[Instructions to follow]:
Reproduce the whole listing exactly and let no picture into the copy.

BEGIN Data supplied

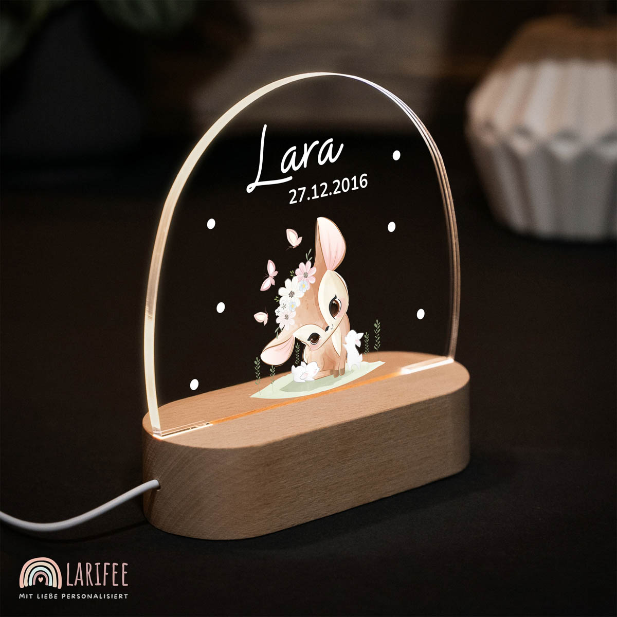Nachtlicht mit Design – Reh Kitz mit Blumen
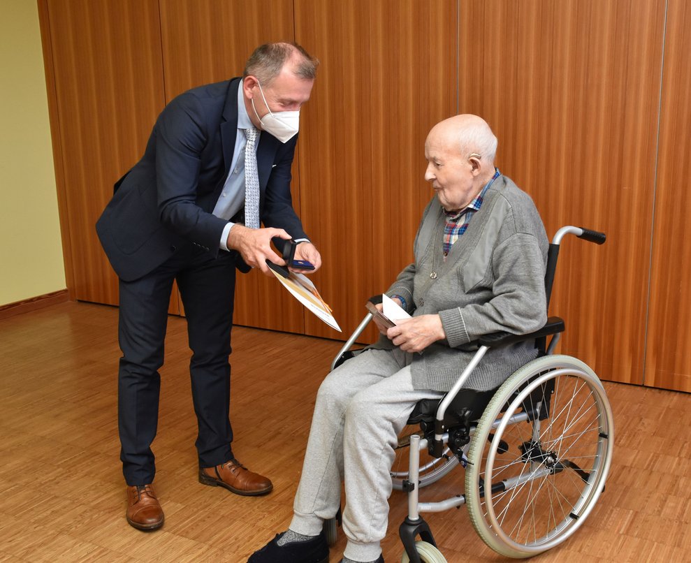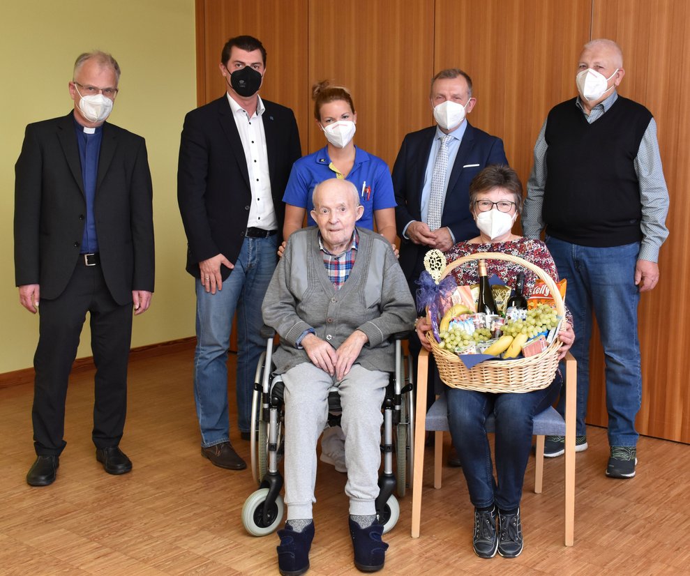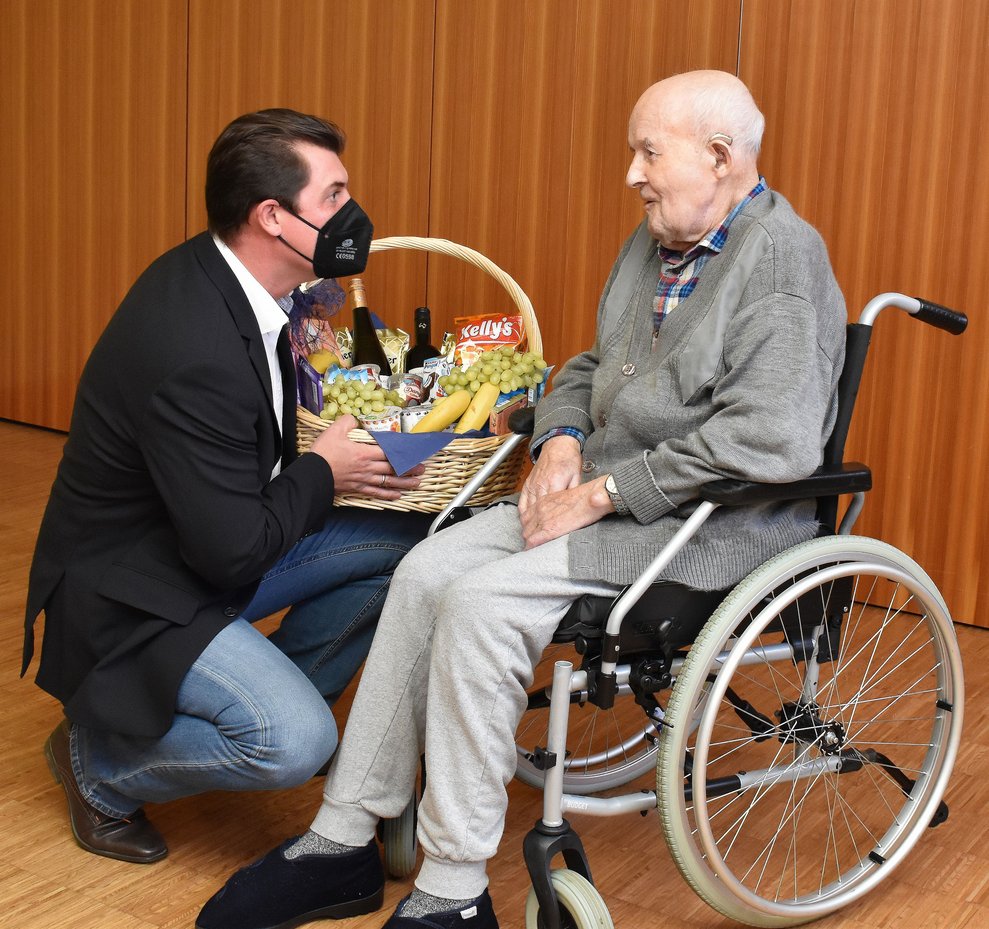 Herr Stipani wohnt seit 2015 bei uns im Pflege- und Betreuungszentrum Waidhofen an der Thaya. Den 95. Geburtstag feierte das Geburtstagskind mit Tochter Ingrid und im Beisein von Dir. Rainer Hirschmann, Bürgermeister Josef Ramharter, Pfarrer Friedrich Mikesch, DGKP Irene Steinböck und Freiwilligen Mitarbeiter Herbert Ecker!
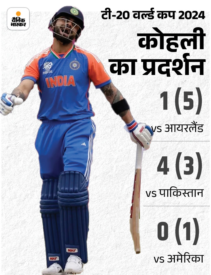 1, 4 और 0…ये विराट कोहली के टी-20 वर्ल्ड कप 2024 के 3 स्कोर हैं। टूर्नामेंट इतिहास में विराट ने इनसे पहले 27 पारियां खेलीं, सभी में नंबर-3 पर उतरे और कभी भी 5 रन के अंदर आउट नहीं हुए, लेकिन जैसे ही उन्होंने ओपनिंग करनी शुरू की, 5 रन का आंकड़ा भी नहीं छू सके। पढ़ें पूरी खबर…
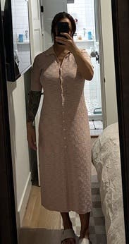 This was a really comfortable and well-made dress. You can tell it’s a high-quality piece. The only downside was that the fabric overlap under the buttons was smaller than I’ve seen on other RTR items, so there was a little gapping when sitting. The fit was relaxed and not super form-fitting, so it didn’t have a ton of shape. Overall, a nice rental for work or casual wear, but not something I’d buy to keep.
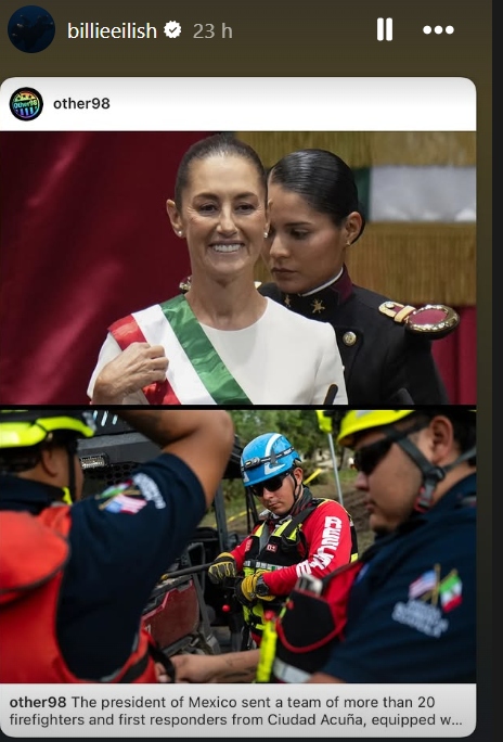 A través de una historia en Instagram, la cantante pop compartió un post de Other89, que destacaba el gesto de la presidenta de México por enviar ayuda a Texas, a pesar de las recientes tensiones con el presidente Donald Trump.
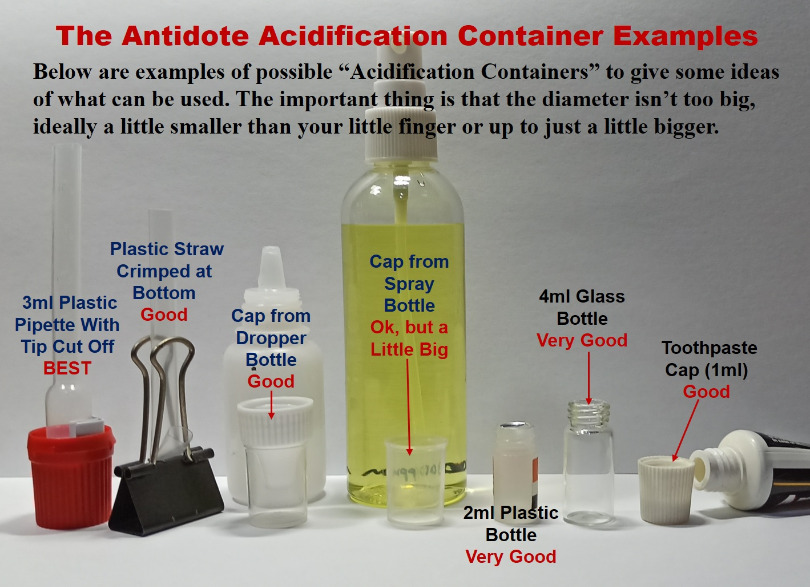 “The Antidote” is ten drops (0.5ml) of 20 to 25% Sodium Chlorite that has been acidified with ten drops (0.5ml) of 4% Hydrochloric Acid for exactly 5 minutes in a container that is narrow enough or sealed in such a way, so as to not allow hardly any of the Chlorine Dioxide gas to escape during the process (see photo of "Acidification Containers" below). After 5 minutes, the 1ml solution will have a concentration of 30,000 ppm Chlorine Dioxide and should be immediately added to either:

END Data supplied

[Written answer]:
Nachtlicht mit Design – Reh Kitz mit Blumen
 Herr Stipani wohnt seit 2015 bei uns im Pflege- und Betreuungszentrum Waidhofen an der Thaya. Den 95. Geburtstag feierte das Geburtstagskind mit Tochter Ingrid und im Beisein von Dir. Rainer Hirschmann, Bürgermeister Josef Ramharter, Pfarrer Friedrich Mikesch, DGKP Irene Steinböck und Freiwilligen Mitarbeiter Herbert Ecker!
 1, 4 और 0…ये विराट कोहली के टी-20 वर्ल्ड कप 2024 के 3 स्कोर हैं। टूर्नामेंट इतिहास में विराट ने इनसे पहले 27 पारियां खेलीं, सभी में नंबर-3 पर उतरे और कभी भी 5 रन के अंदर आउट नहीं हुए, लेकिन जैसे ही उन्होंने ओपनिंग करनी शुरू की, 5 रन का आंकड़ा भी नहीं छू सके। पढ़ें पूरी खबर…
 This was a really comfortable and well-made dress. You can tell it’s a high-quality piece. The only downside was that the fabric overlap under the buttons was smaller than I’ve seen on other RTR items, so there was a little gapping when sitting. The fit was relaxed and not super form-fitting, so it didn’t have a ton of shape. Overall, a nice rental for work or casual wear, but not something I’d buy to keep.
 A través de una historia en Instagram, la cantante pop compartió un post de Other89, que destacaba el gesto de la presidenta de México por enviar ayuda a Texas, a pesar de las recientes tensiones con el presidente Donald Trump.
 “The Antidote” is ten drops (0.5ml) of 20 to 25% Sodium Chlorite that has been acidified with ten drops (0.5ml) of 4% Hydrochloric Acid for exactly 5 minutes in a container that is narrow enough or sealed in such a way, so as to not allow hardly any of the Chlorine Dioxide gas to escape during the process (see photo of "Acidification Containers" below). After 5 minutes, the 1ml solution will have a concentration of 30,000 ppm Chlorine Dioxide and should be immediately added to either:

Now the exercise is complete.